Collecting words is done by clicking on things but true understanding only comes from close examination of everything in the scene: poring over notes on cork boards and letters in pockets, gathering clues in desk drawers and wastebaskets, scrutinizing the tiniest details like the torn cuff of a sleeve or a splotch of paint. Even fingerprints need to be examined at one point, every detective's dream come true.

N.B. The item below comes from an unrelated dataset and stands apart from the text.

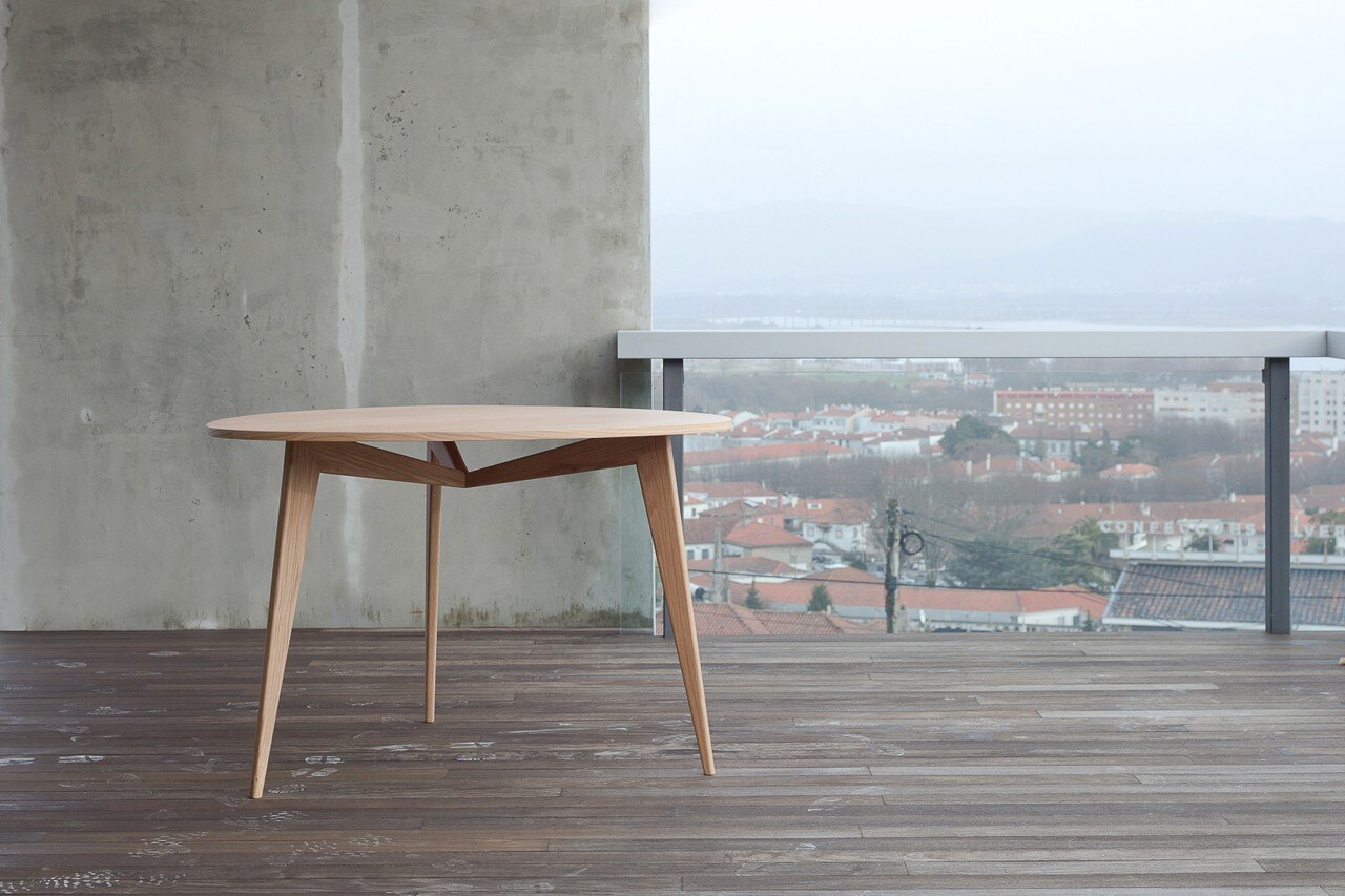 Fa parte della collezione Mima, un tavolo da pranzo a tre gambe. Il design elegante e minimalista di questo tavolo crea un senso di leggerezza e semplicità, nonostatnte sia robusto e stabile. Sulla parte superiore del tavolo una leggera curva disegna un cuore, percepibile ancora più grande nell’ombra proiettata.

Anything can be a clue, even if a word isn't associated with it. One mystery depicting the aftermath of a violent encounter in a house confounded me for a long while because even though I'd put nearly all the individual pieces together, I couldn't figure out what actually kicked things off, the spark that ignited the conflict. Finally, I spotted it, a tiny detail on one character that I'd missed the first 10 times I'd looked at them. I won't even spoil it because when it clicked into place suddenly everything else on the screen made perfect sense. The Rise of the Golden Idol is full of "A-ha!" moments like this, and I'm pretty sure I actually said it out loud when I finally solved this particular case.

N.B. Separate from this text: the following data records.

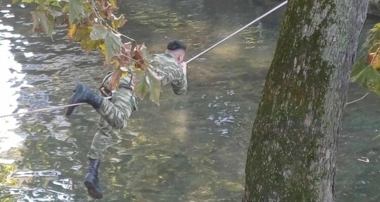 Τα βλέμματα εκατοντάδων περαστικών έστρεψαν πανω τους σήμερα το πρωί σπουδαστές της ΣΜΥ, καθώς μαζί με τους εκπαιδευτές τους έκαναν ασκήσεις επιδεξιότητας σε τεντωμένο σχοινί, πάνω από τα νερά του Ληθαίου.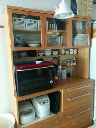 ↓2016年に大型の食器棚を買うまでは家電なども収納できず、とても不便でした💦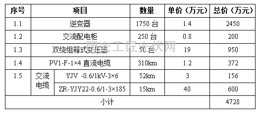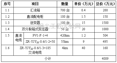 说明:上述费用不包含汇流箱、直流配电柜、逆变器、箱变、直流电缆、交流电缆等费用。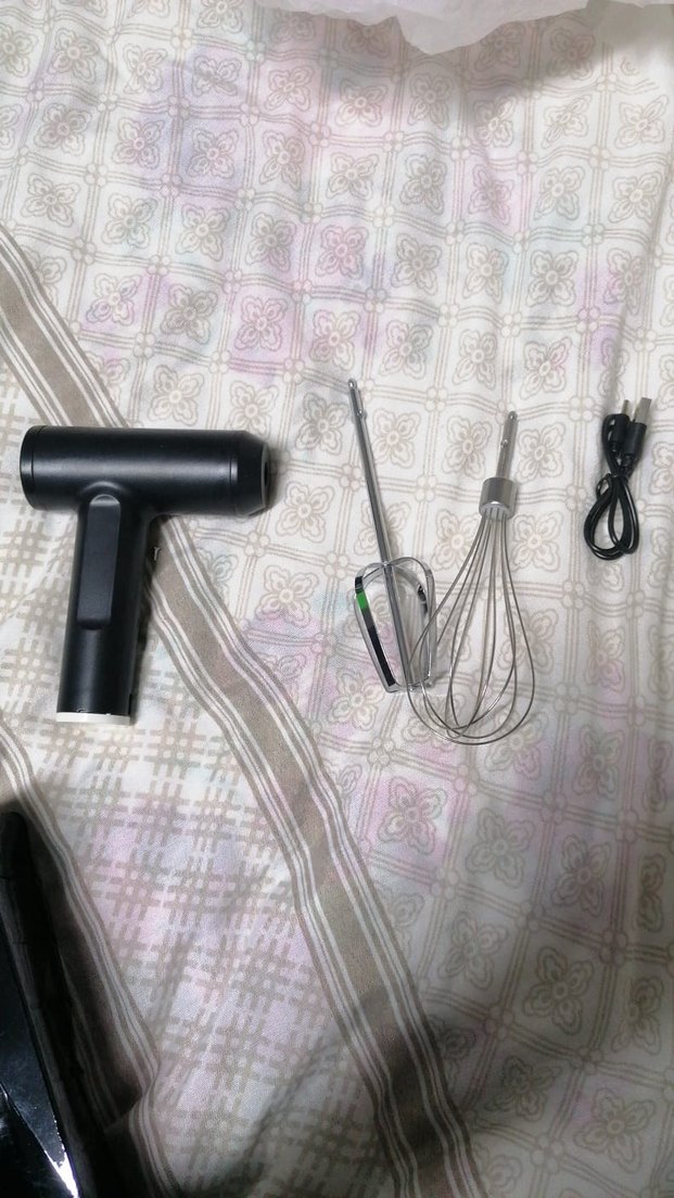 Gri ve beyaz renklerde çok fonksiyonlu cihazı, elde tutulan ünite, iki metal aparat ve USB şarj kablosu içerir. ⚙️

The full story of The Rise of the Golden Idol is a sprawling one, at times bafflingly so. In the first game the crime was pretty quickly apparent in each case, but here there often isn't something as obvious as a dead body, and sometimes there doesn't even appear to be an actual crime. On several occasions I had no idea why I was investigating certain scenes: why am I in an animal sanctuary trying to figure out why a park ranger got attacked by a bird, and why do I care about reconstructing the events that led to an argument at a talent show? But as I dutifully investigate oddball occurrences like a fire at a drive-in theater or a medical emergency on the set of a soda commercial, the connection inevitably becomes clear: it's all connected to the Idol, even if it takes a while to see how.
C.S. Idol
I loved the art style of the original game, its deceptively crude pixel art that was still easily readable, its characters nearly grotesque but also somehow charming. In Rise of the Golden Idol the art is much more smooth, more like paintings than drawings, but it still retains the unusual, offbeat style of the original.

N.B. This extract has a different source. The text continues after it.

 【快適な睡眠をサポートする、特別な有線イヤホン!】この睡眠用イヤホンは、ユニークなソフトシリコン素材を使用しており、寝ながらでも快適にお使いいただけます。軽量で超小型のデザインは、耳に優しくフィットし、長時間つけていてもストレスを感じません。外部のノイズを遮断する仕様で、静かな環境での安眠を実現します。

Color Gray Games has also thrown some new tricks into your detective kit to help you solve a few cases. One scene in particular I really loved, where a recording of a TV show can be watched, rewound, paused, and stepped through a frame at a time to closely examine what's happening and what it means to the case at hand. Another scene can be viewed in two different states: a room where the private auction of an artifact is taking place, and the same room an hour later when something has gone terribly wrong. Only by clicking between those two different times and gathering information from both can you determine what happened, and why.
Like the original game, I don't think The Rise of the Golden Idol completely nails the landing. It doesn't give quite enough insight into the motivations of one of its main characters, and at the end of the story I reacted more with "Oh, okay" than "A-ha!" to one of the reveals. Each chapter also ends with a recap puzzle that gets longer and longer—sometimes they can require 30 or 40 words to be plugged in—and that starts to feel sluggish after the excitement of figuring out the scene preceding it.
But those minor beefs don't stop The Rise of the Golden Idol from being an engrossing and satisfying detective game. If you loved the original Golden Idol, you'll love this one almost as much, and if you haven't played the first one, great news: there are now two grisly and gritty detective adventures waiting for you to solve them.